England resume their Women’s World Cup defence tonight/tomorrow morning when they play Australia the first of three matches in the Super Six stage. The top two teams in the Super Sixes go through to the final and England start out fourth on points/net run rate carried forward after Sri Lanka’s upset of India knocked the latter out. It’ll be a bit of an uphill task, therefore; England have very little room for error now.

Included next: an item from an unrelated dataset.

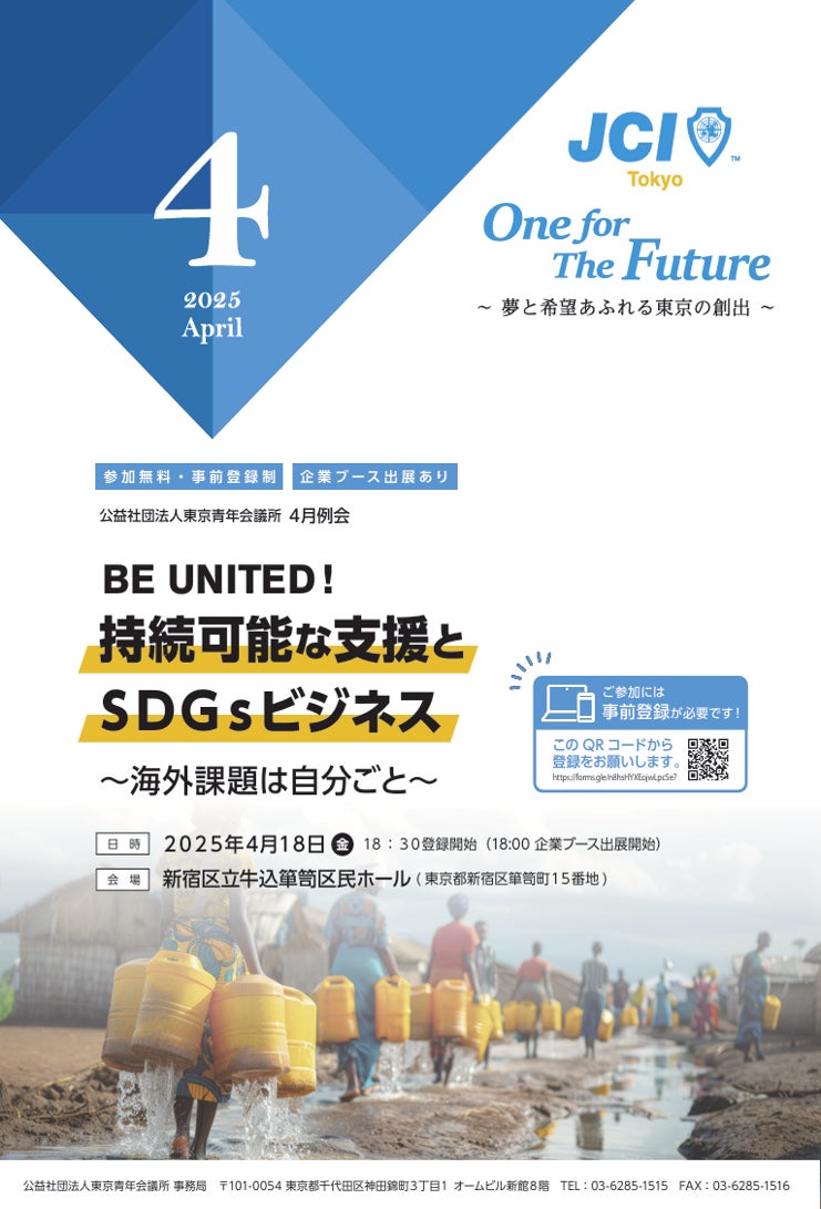 公益社団法人東京青年会議所は4月18日(金)に新宿区立牛込箪笥区民ホールにて、

England will play Australia, New Zealand and South Africa in this round; Australia are very much the form team and are the only one of the six in the second round to have carried forward maximum points. New Zealand also looked very strong in the group stage until losing to Australia, so the only match in which England will be comfortable favourites will likely be the second one against South Africa. This presents an obvious problem for England, but there is also the subtler problem that the West Indies and Sri Lanka, whilst certainly deserving of their spot in the second round, are going to be underdogs against Australia and New Zealand. (Though given that Sri Lanka have now won twice against heavily-favoured opposition they cannot be counted out.) Because England start out fourth, they will need to actually better the results of Australia and New Zealand. The upshot is that unless England get some help from one of the other Group A teams, they may have to win all three of their Super Six matches.

England looked sharp after their loss in the opening match and knocked off India and the West Indies without a great deal of difficulty, but there is still room for improvement and with Australia in ominous looking form they probably have to improve. Most notable even in their wins in Group A was how England seemed to let up with the ball during the middle overs. This is not uncommon in ODIs, of course, but after getting well on top of both India and the West Indies it was a bit troubling to see them start to let those teams back into the game. Especially in the win over India, the final margin was much closer than it ought to have been. If England manage to take early wickets against Australia they will need to be more aggressive; Australia bat deep enough that they can recover lost ground if they are given the chance. England also have the fitness of Katherine Brunt about which to worry. She came off in the middle of an over after turning her ankle against the West Indies. There’s been no news that I’ve seen concerning how well she has come back from that, but if she is not fit it will be a massive blow for England.

England may have a slight advantage with the match being played in Mumbai; they have already played two matches at the Brabourne Stadium and Australia have to fly over from Cuttack, where the conditions were rather different. The toss will likely be a big factor as well. The conditions in Mumbai have really favoured the bowlers in the early morning before flattening out in the afternoon and in each of England’s three matches the side batting first have got off to a poor start. It’s possible that this might have even been the difference between a win and a loss for England in the opening match. It is another early start against Australia and it is probably too much to hope that Australian captain Jodie Fields will make the same mistake that her West Indian counterpart did in batting first if she wins the toss, so England will very much be hoping for better luck after Charlotte Edwards lost all three tosses in the group stage.

The match against Australia is not quite a must-win affair for England, but to lose would end any realistic hopes of topping the group and throw them into a very open battle for the second spot where net run rate would likely come into play. The early loss against Sri Lanka may yet prove very costly.